= 2020 Camp High Harbour COVID-19 outbreak =

COVID-19 outbreak at a Georgia, USA summer camp

A summer session hosted at Camp High Harbour, a YMCA location on Lake Burton in Georgia, United States from 17 to 27 June, 2020 led to an outbreak of COVID-19 that became a super-spreader event, leading to at least 260 confirmed cases. The event garnered national and international news coverage and prompted an investigation from the US Center for Disease Control due to the unprecedented spread of COVID-19 among youth campers and staff.

== Background ==
In May of 2020, the CDC published recommendations for youth summer camps wishing to continue operations despite the lockdowns put into place March that year. These recommendations were made in addition to federal, state, and local recommendations for mitigating the spread of COVID amongst large groups of people. Amongst these were requiring a negative COVID test within 12 days of entrance, limiting crowds in enclosed spaces, opening windows and doors to improve airflow, requiring face masks for youth and staff, and enforcing social distancing.

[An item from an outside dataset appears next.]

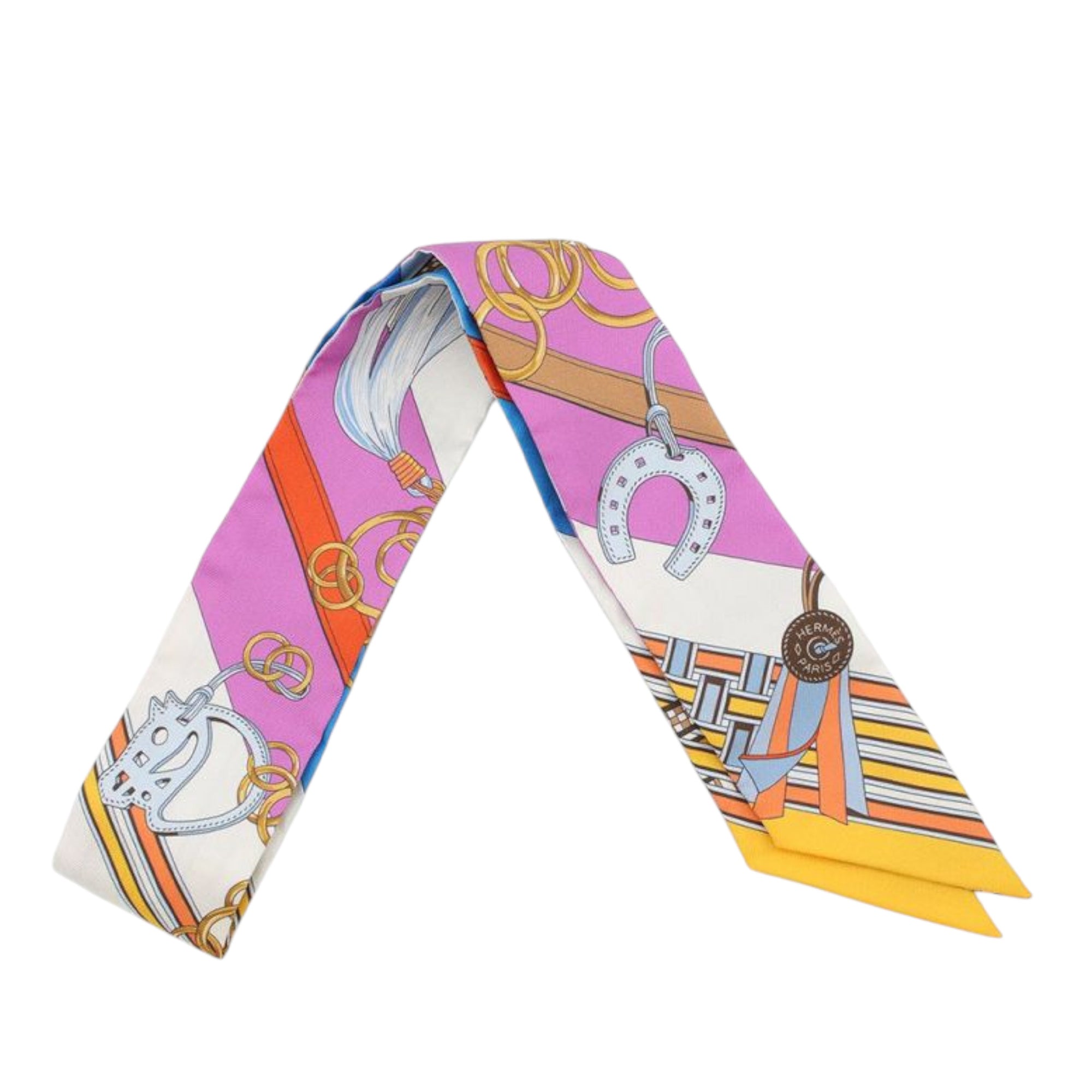Product Details: White Hermès Brides et Gris Gris Silk Twilly Scarf Scarves. This twilly scarf features the Brides et Gris-Gris print on 100% silk. 33.9" L x 2" W x 0" D.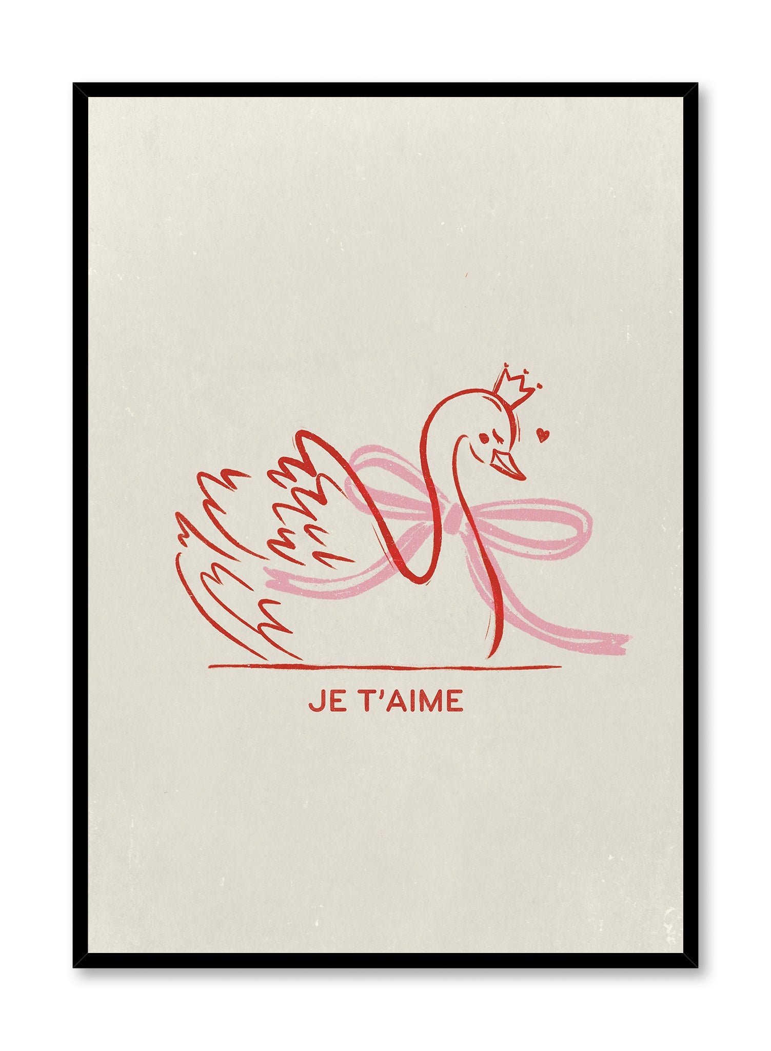 This charming print captures the essence of tender affection with a hand-drawn illustration of a swan, crowned regally and adorned with a soft pink ribbon. Beneath the graceful figure, the French phrase “Je T’aime” adds a poetic touch, evoking feelings of love and whimsy.

From 17-20 June, Camp High Harbour hosted an orientation session for 138 trainees and 120 staff members, of whom the median age was 17 years old. On 21 June, 363 campers (with a median age of 12) and three senior staff members entered the camp, with the intended first session being from 20-27 June. While the camp did implement most of the CDC's recommendations, they did not follow procedures such as opening windows and doors for improved airflow or requiring cloth masks. In addition to campers dining together and staying in enclosed cabins, they also participated with staff in rigorous singing and cheering in open amphitheaters almost daily.

== Outbreak ==
On 23 June, a teenage staff member left camp after developing chills the previous evening, and tested positive the following day. The camp began sending campers home on 24 June, and on the 25 June the Georgia Department of Public Health was notified and began an investigation. The camp was closed down entirely on the 27 June.

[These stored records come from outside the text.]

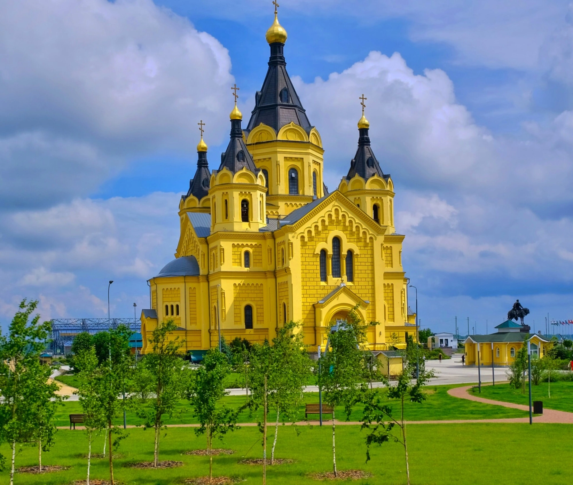 На представленной фотографии запечатлён кафедральный собор во имя святого благоверного князя Александра Невского в Нижнем Новгороде. Храм возведён в 1868–1881 годах по проекту архитектора Льва Даля и является выдающимся образцом русской культовой архитектуры второй половины XIX века.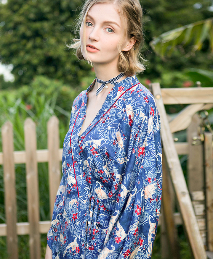 This printed suit is very unique. It uses a nice blue as the background color and looks retro when worn. The charm, paired with red flowers, makes it feel like spring.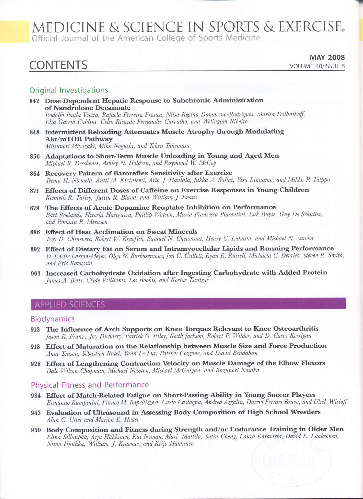 Medicine and Science in Sport and Exercise 2008-05v.40-5(目次服務)

Of the 597 Georgia residents who attended the camp during that period, 344 were tested for COVID. Of those, 260 individuals (76%) received positive test results.

== Response ==
Following the closure of Camp High Harbour and one other YMCA camp in the area, the YMCA of Metropolitan Atlanta released a statement to multiple news agencies stating they regretted their decision to open the camp that summer. They also stated that the first staff member to show symptoms and be sent home didn't exhibit any symptoms before or during entry to the camp, and tested negative prior to coming.

The quick timeline of the spread, volume of confirmed cases, and the fact that a large amount of the confirmed cases occurred amongst young children led to a CDC investigation into the incident as well as international news coverage. At the time little was known about how COVID spread, and it was assumed that the virus spread less quickly amongst youth and otherwise healthy individuals. The scale of the outbreak at the camp added to evidence that COVID-19 could also affect children in large numbers.